Have you fallen into anything good lately? How would you feel about having a multi-unit property? Can this count for a month of wealth building on my Health and Wealth challenge?

Written By
Sydney White is a Texas-born stay at home mom who enjoys spending time with her family, bargain hunting and, of course, writing. She is currently the editor-in-chief of


  1. Congrats! It sounds like this could be a really profitable investment for you. Once you get the rents more at “market” rate I’m sure the semi-passive cash flow will be great, too. I would love to buy a duplex or fourplex down the road and I think it’s a really efficient way to own real estate. Kind of like an apartment building on a smaller scale.

    1. I think with this amount of units, it isn’t overwhelming. If there were 20 or 30 or 100, even with property management, that would probably keep me up at night.

  2. Great story…love the ways these opportunities present themselves. Sounds like this was a great deal and you had a lot of leverage considering this house had been on the market for so long. It’s amazing what you can get when people are tired and desperate.

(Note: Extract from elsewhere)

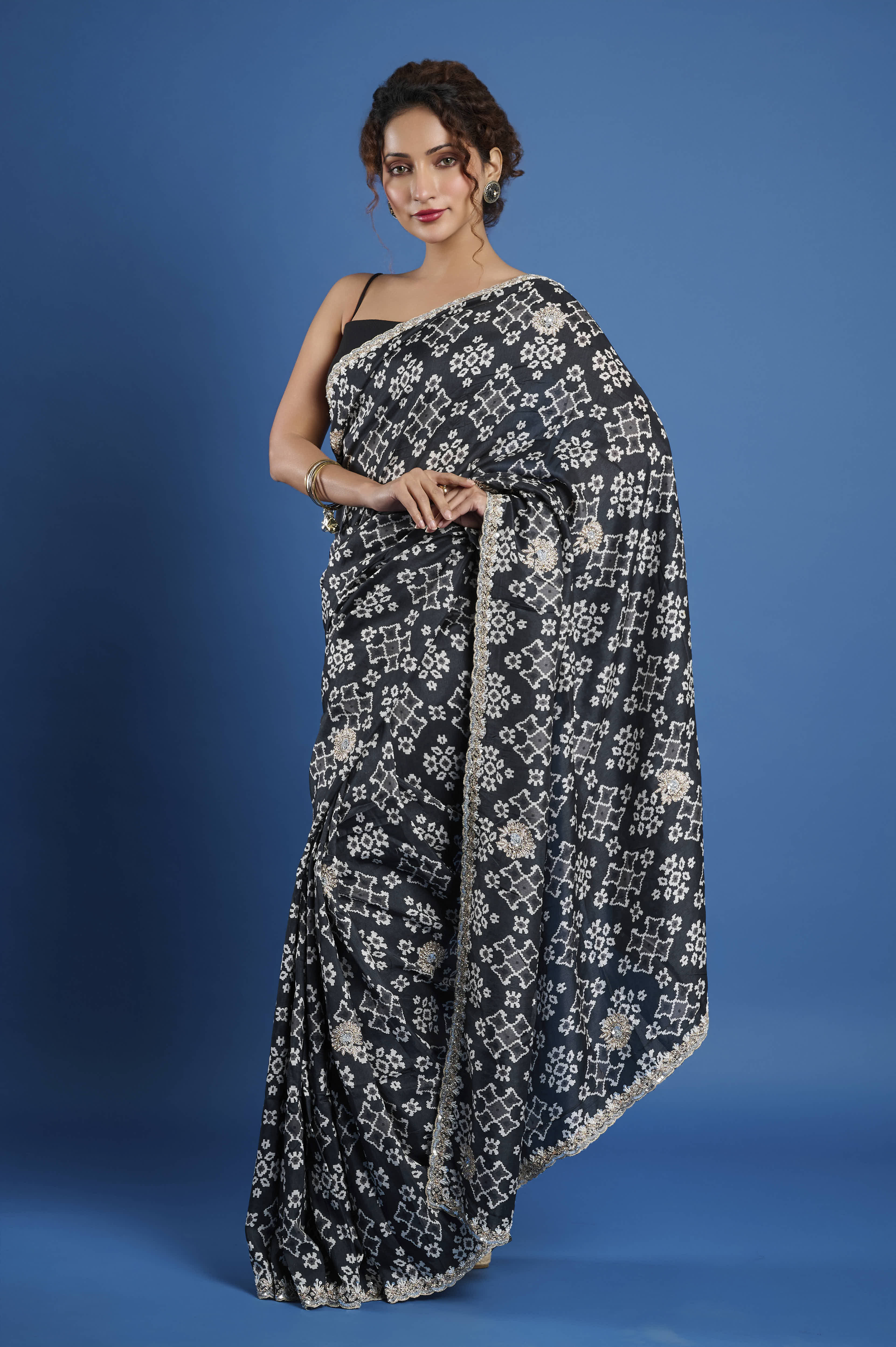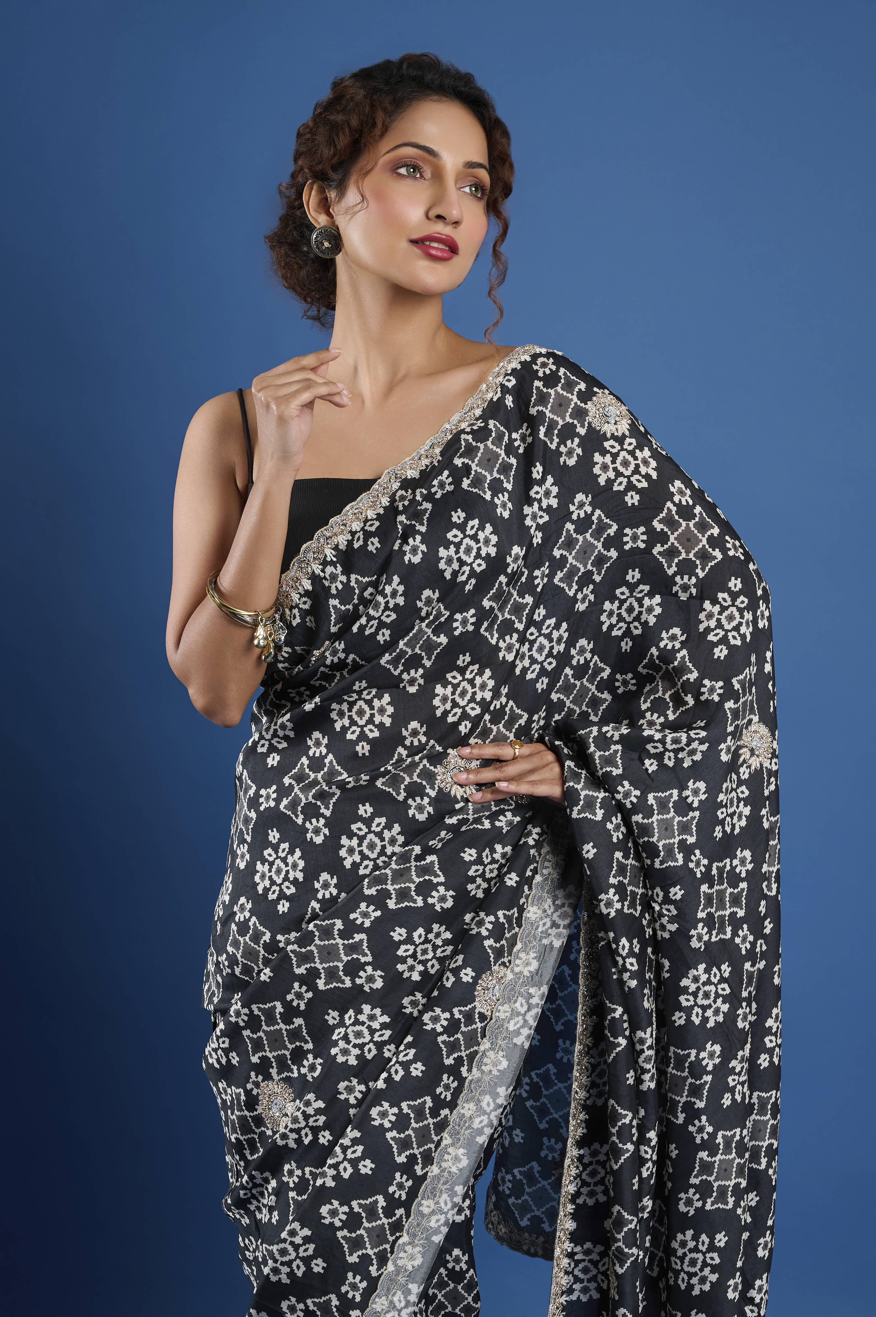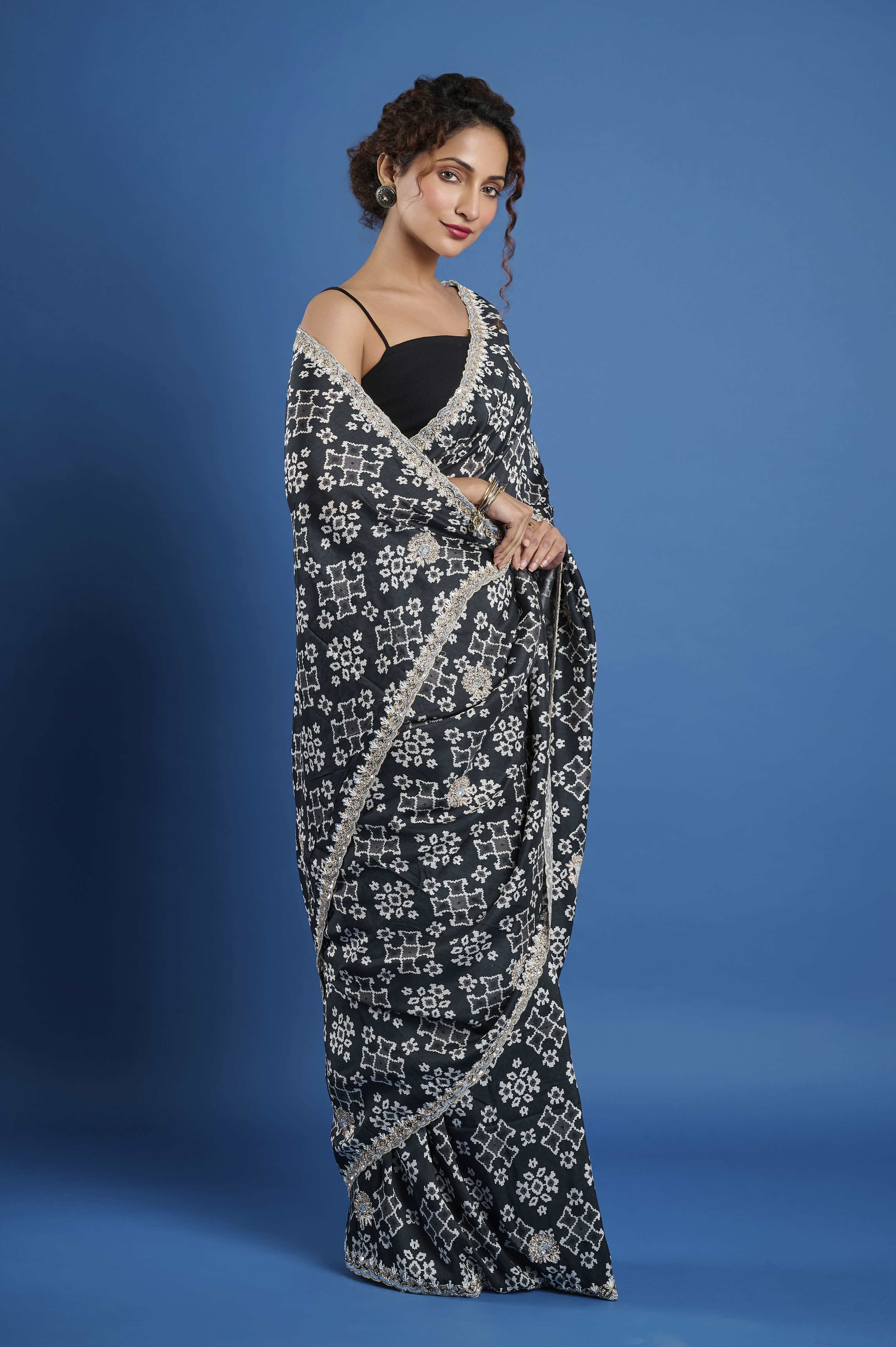 This black crepe saree features an elegant ivory hand-embroidered pattern all over, with intricate artisanal work highlighted in the border and scattered motifs. Lightweight and fluid, the crepe fabric offers a comfortable drape, while the detailed handwork, including delicate beadwork and metallic threads, adds richness and festive appeal. The design balances traditional techniques with contemporary graphic patterns, making it perfect for evening events and sophisticated celebrations.

    1. If I have learned anything in real estate, it’s to make an offer. All they can do is refuse. My realtor was pretty sure they would not decline since they were very anxious for an offer, and I’m glad we played it the way we did.

    1. It is currently in 4 units. Three of which are rented. The commercial unit is vacant at the moment. We will most likely do some minor thing that need to be done and keep it the same. At some point, I’d like to fix the main house up a bit more and make it a single family rental. We’ll just have to see how much we are in for repairs in the beginning.

  3. I have wanted to get into the real estate investing game, but damn. We wouldn’t be able to find a fourplex at that price. Not even in an decent condition would something come into this area less than $350,000! That is awesome Kim. I guess you are glad you tripped and fell. A little blood just might have thrown you a little profit!

    1. I am so glad that the Jiffy Lube was backed up, and that I am impatient, and that I tripped and fell. I drive past this place all the time, but never really paid attention and it wasn’t in the price range I usually search on MLS. I don’t know if I would have found it any other way.

  4. Very cool! I admit the idea of a four-plex piques my interest – especially at that price point. My question though, is what are you going to do with the current tenants paying super low rents? I’m not really sure the proper way to handle that situation

    1. The current owner has pretty much told them they will have 30 days when the place sells. We will keep them on if they are willing to apply as new applicants, be screened, and sign a lease with our new rental prices. If they don’t leave before closing and don’t agree to new terms, legally, we will have to give them a 30 day notice once we take ownership.

  5. Congrats Kim! That is so exciting. It looks like a very nice property 🙂 I’m anxious to read more about your rentals as I’ve thought about the possibility of becoming a landlord in the (far away) future. Thanks for sharing your experiences!

    1. I will post good, bad, and ugly. I want people to see the pros and cons. Right now, it seems super stressful and more work than I want but hopefully in a year, it will be a sweet thing.

  6. Congrats for finding a diamond in the rough so to speak! I’m looking forward to the next update. My DH would love for us to become property investment owners. I am not against it but I am a bit more cautious about it.

    1. I am no expert, but if you can master being ready to pull the trigger with being patient in finding the right place, it usually works out in my experience.

    1. We will give them the option of staying at market rents, but they will have to be screened as new tenants and sign a 12 mos lease. It would be easy if some or all stay, but I suspect they will move on.

    1. Real estate is such a good buy here. It might not ever appreciate like something in San Francisco or New York, but average people can afford to buy and hold for a good profit in the interim and in the long term.